Rebel held up her holo. It was a photomechanical reconstruction she'd pulled from her own memories, but good enough that nobody could tell. “Seen this guy?”

Rolfe looked carefully, shook his head. “No.”

The samurai took her arm. “Are you sure?” Rebel cried. “Is there any chance at all?”

“None.”

Rebel sleepwalked through the next day, performing her chores mechanically. She reported to work, interviewed her first client, and chopped him to order. None of it felt real. She didn't know what to do next. If Wyeth hadn't gone down the drop tube, that meant he must be somewhere in the sprawl of cislunar states. Trouble was, there were hundreds of them, in all sizes and degrees of disorder, and their outfloating slums as well. She could spend the rest of her life searching and still not find him.

Well, she thought, maybe she
wouldn't
find him. Maybe Wyeth was lost to her forever.

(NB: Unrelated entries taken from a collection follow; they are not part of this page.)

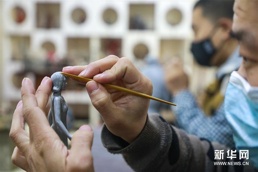 随着疫情防控形势持续向好,河北省石家庄市多名非遗手工艺人在做好防护的同时,在家赶制定制手工艺品,通过互联网销往全国各地。 新华社发(刘沛然 摄)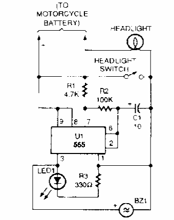 Este circuito avisa quando a lâmpada do farol está acionada. Encontramos numa Popular Electronics dos anos 80. O circuito emprega um buzzer de 12 V com oscilador.
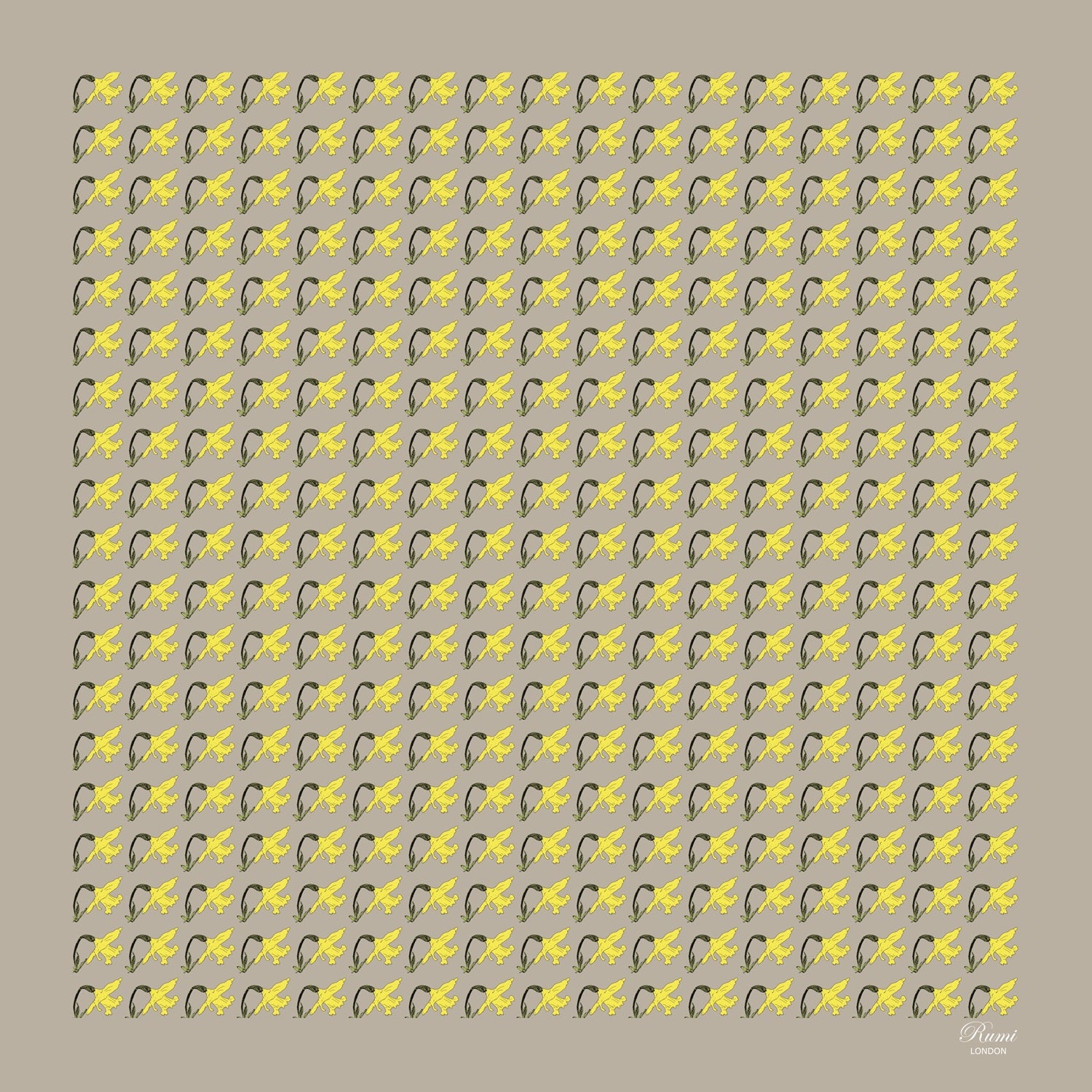 This daffodils silk pocket square will make the perfect accompaniment to your favourite blazer or jacket. Crafted from pure silk twill and a signature logo in one corner, the subtle explosion of yellow daffodils against a light grey base, adds a certain charm to the pocket square.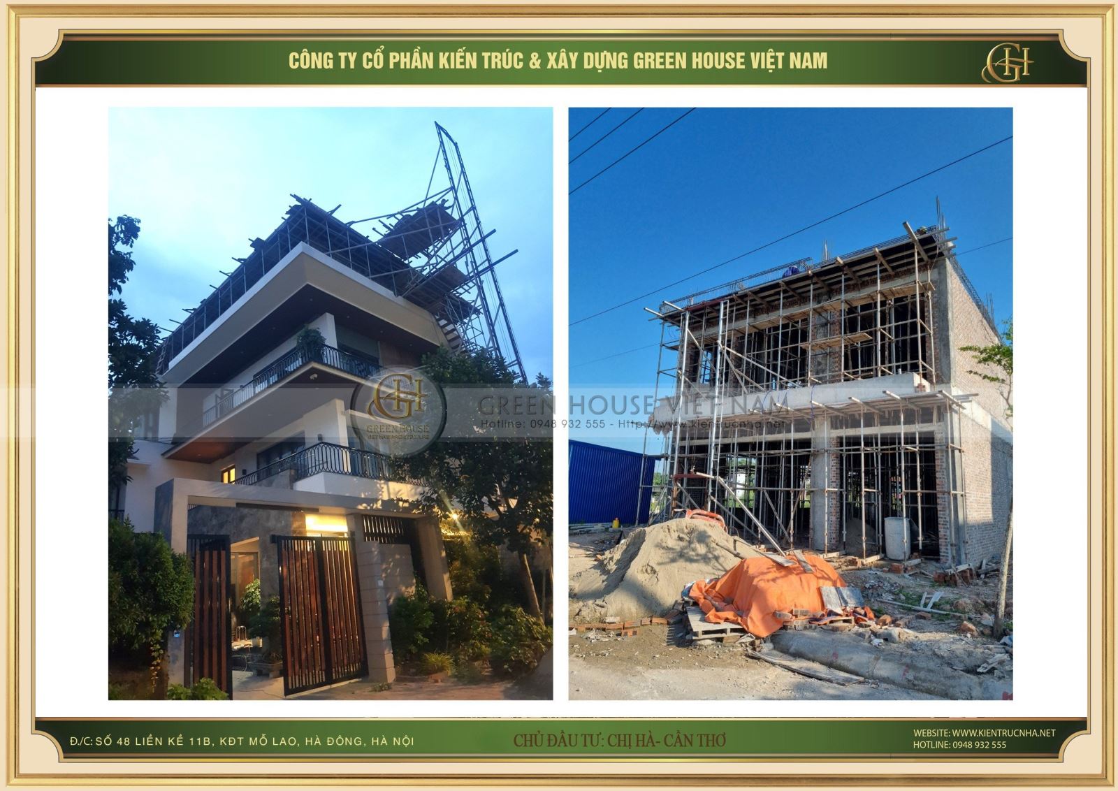 Trong mỗi dự án, Green House Việt Nam luôn đặt tâm huyết của mình vào đó để đem lại cuộc sống viên mãn, trọn vẹn cho gia đình khách hàng cùng kiến trúc độc đáo, bền vững theo thời gian. Hãy liên hệ với Green House Việt Nam theo Hotline : 0948 932 555 ngay hôm nay để biến những ý tưởng, ước mơ về tổ ấm hoàn mỹ của bạn trở thành hiện thực.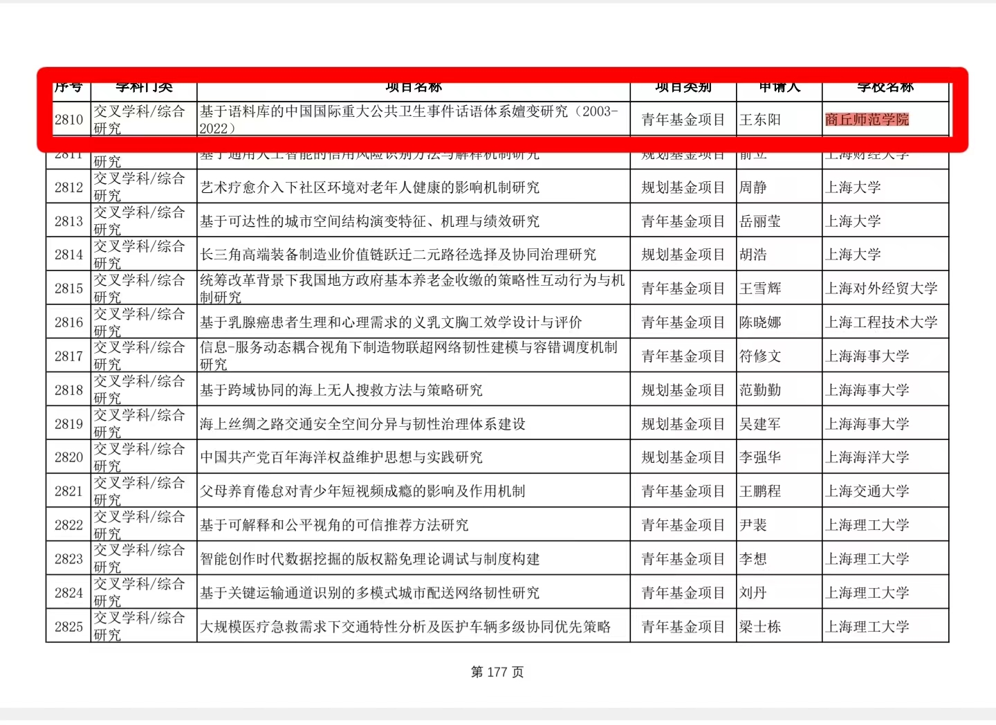 近日,2023年度教育部人文社会科学研究项目立项名单公示,公司科研秘书王东阳博士主持的《基于语料库的中国国际重大公共卫生事件话语体系嬗变研究(2003-2022)》成为全校唯一获批项目。该项目的获批是继杨静教授刚刚为E8官网登录入口取得国家社科基金历史性突破之后的又一喜讯,对E8官网登录入口的科研梯队建设、科研团队打造都具有重要意义。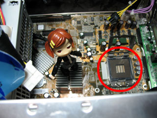 | タ「次はCPUの装着です。 ドライブベイやらCPUクーラーの今は使わない邪魔なパーツを外してCPUソケットを出してあげましょう。 赤丸のトコにCPUを挿します。」 ※CPU…コンピュータの頭脳みたいなもの。 ※CPUクーラー…CPUが動作中は熱を発するので、その熱を逃がしてあげるもの。 ※ドライブベイ…ハードディスクやDVDドライブを組み込む場所。 |

Happens to people all the time.

She was finishing up a client when she finally admitted this to herself. A jackboot had come in to be chopped wolverine, and lay on the gurney wired up and opened out, still in her police skintights. Rebel thought it through with dry, obsessive logic, while her hands did the work. How long could she go on searching like this? A year? Five? Twenty? What kind of a person would she
be
at the end of that time? It wasn't a pretty thought.

“Can you imagine a unicorn?”

“Yes.”

If this was going to be a long search, if it was going to take her years, she'd have to change the pace. She needed to build some kind of decent life for herself in the meantime. (But she didn't want a decent life without Wyeth!) She needed a cleaner job than this one, to begin with. Friends. Interests. Lovers, even. She'd have to plan this whole thing out carefully.

“How many fingers?”

“Four.”

“Green or blue?”

“Blue.”

“Ever seen this man before?”

“Yes.”

“Well.” Rebel smiled. Very slowly, she leaned back against the wall. Carefully she began marshaling her thoughts. She was in no particular hurry now. Perhaps she should go out front and borrow a chair. Impulsively, she reached down to run a fond hand through the jackboot's hair, and the woman grinned idiotically up at her. Where to begin?

She had a lot of questions to ask.

12

THE BURREN

There were Vacuum flowers on the outside of the
Pequod
, only a few, sprouting from the jointed strutwork of the gables, but enough to tell from the shape of the petals that these were a variant strain, already indigenous to cislunar orbit. Rebel noted them on the way in, mildly wondering why Bors had put off his basic maintenance for so long. The ship recognized her, and the lock opened to her touch.